Simulation of Cerebrospinal Fluid Leak Repair Using a 3-Dimensional Printed Model

Abstract

Background Acquiring proficiency for the repair of a cerebrospinal fluid (CSF) leak is challenging in great part due to its relative rarity, which offers a finite number of training opportunities. Objective The purpose of this study was to evaluates the use of a 3-dimensional (3D) printed, anatomically accurate model to simulate CSF leak closure. Methods Volunteer participants completed two simulation sessions. Questionnaires to assess their professional qualifications and a standardized 5-point Likert scale to estimate the level of confidence, were completed before and after each session. Participants were also queried on the overall educational utility of the simulation. Results Thirteen otolaryngologists and 11 neurosurgeons, met the inclusion criteria.
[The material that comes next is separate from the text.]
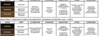 Vertical illuminator with full Koehler design equipped with 12 50W Halogen light source or LED, field iris, aperture iris and filter slots. Capable of brightfield, darkfield or simple reflected polarization technique. Includes blue clear, Green clear, Neutral density (DN50) filters in mounts.
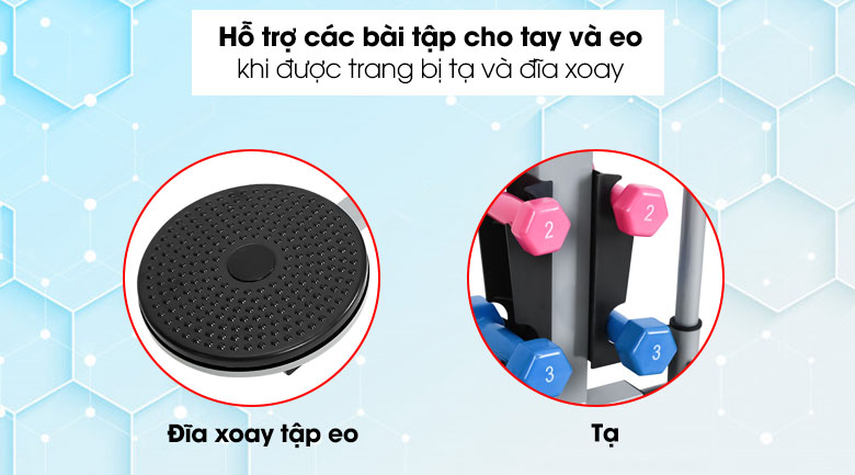 - Đĩa xoay eo 360 độ làm bằng sắt dày. phía trên bàn xoay đúc bằng nhựa ABS tạo cảm giác chắc chắn và an toàn.

A successful repair of the CSF leak was achieved by 20/24 (83.33%), and 24/24 (100%) during the first and second simulation sessions respectively (average time 04:04 ± 1.39 and 02:10 ± 01:11). Time-to-close-the-CSF-leak during the second session was significantly shorter than the first (p < 0.001). Confidence scores increased across the training sessions (3.3 ± 1.0, before the simulation, 3.7 ± 0.6 after the first simulation, and 4.2 ± 0.4 after the second simulation; p < 0.001). All participants reported an increase in confidence and believed that the model represented a valuable training tool. Conclusions Despite significant differences with varying clinical scenarios, 3D printed models for cerebrospinal leak repair offer a feasible simulation for the training of residents and novice surgeons outside the constrictions of a clinical environment.